This was something very hard for me to post. I have huge insecurities of my stomach. You can ask my boyfriend, because I will hardly ever let him touch it...

I was diagnosed with an eating disorder a few years ago, in which i dont usually like to talk about, but i "recovered" because i was forced to eat by an ex boyfriend of mine. I also had to promise a few people that i would never starve myself again.

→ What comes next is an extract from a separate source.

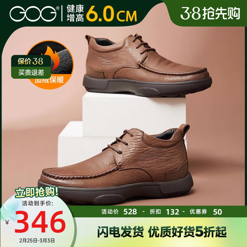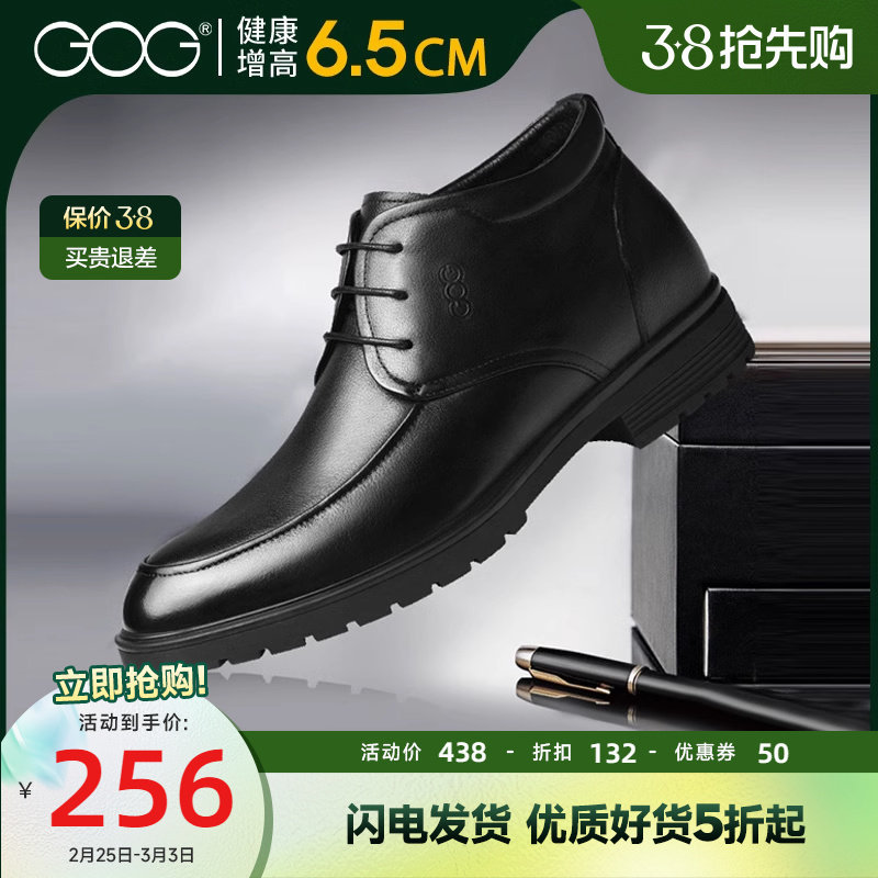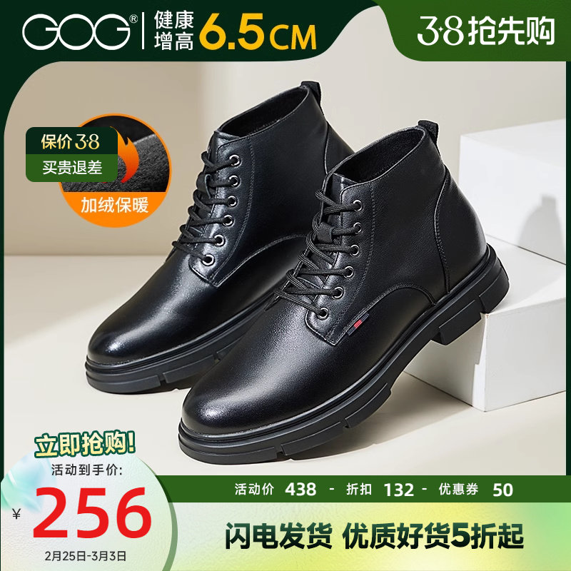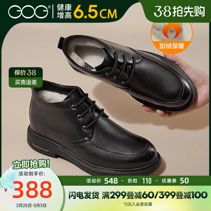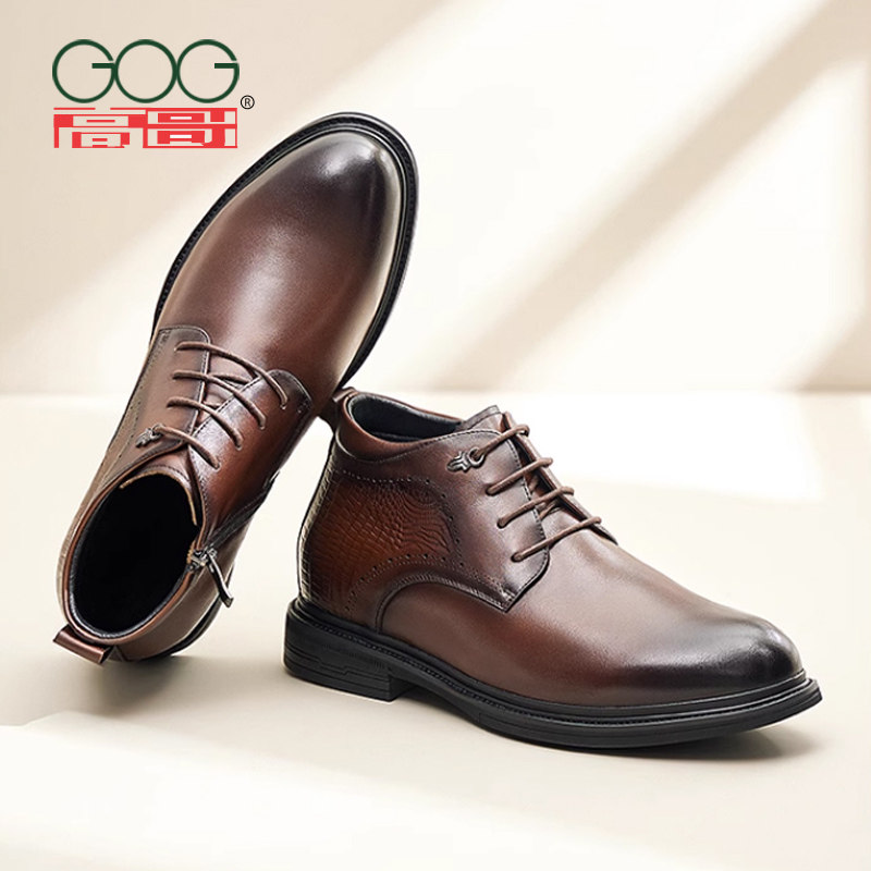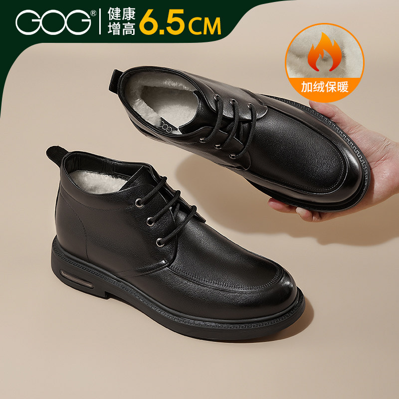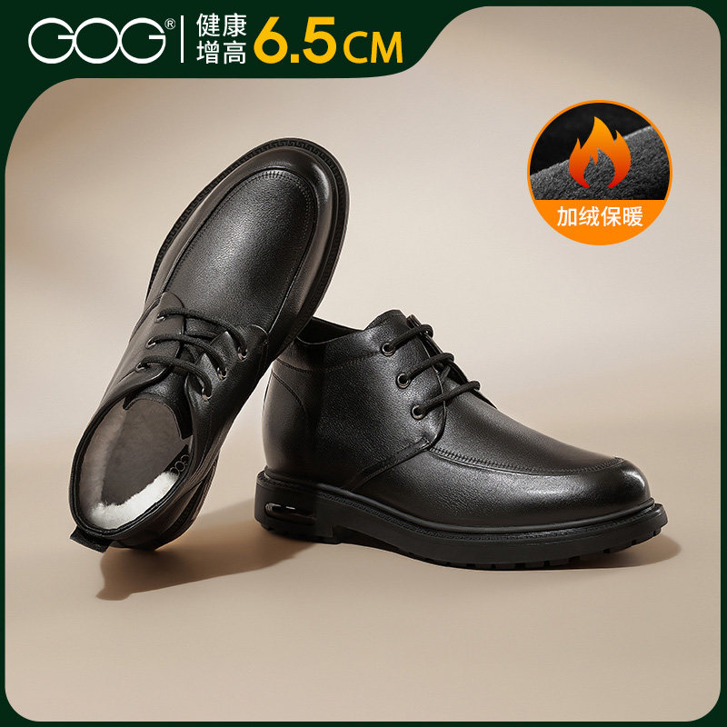 高哥增高鞋男鞋商务正装皮靴春季加绒保暖棉鞋头层牛皮内增高靴子

[edit] i am adding a real description to describe these

First off, my stomach IS NOT flat.
It is not how i want it to look.
and no matter how hard I try,
no matter how skinny i get,
or even how many sit ups i do,
it will not be flat.
If you don`t like that, get over it.

Second off, these pictures were taken after
i had gained most of my weight back.
I was orginally 130.
I dropped down to 110.
[til i started blacking out and had friends to help me]
I am now about 125.
In the pictures, I was about the same.
My weight varies from 120-125 now,
depending on if i eat or not.
Maybe that seems big to you,
and believe me it does to me too.
But I am also 5`7,
I was a cheerleader.
I do have muscles,
and I have boobs.
It all helps gain weight.
and although I am 125
I still have problems with eating, sometimes.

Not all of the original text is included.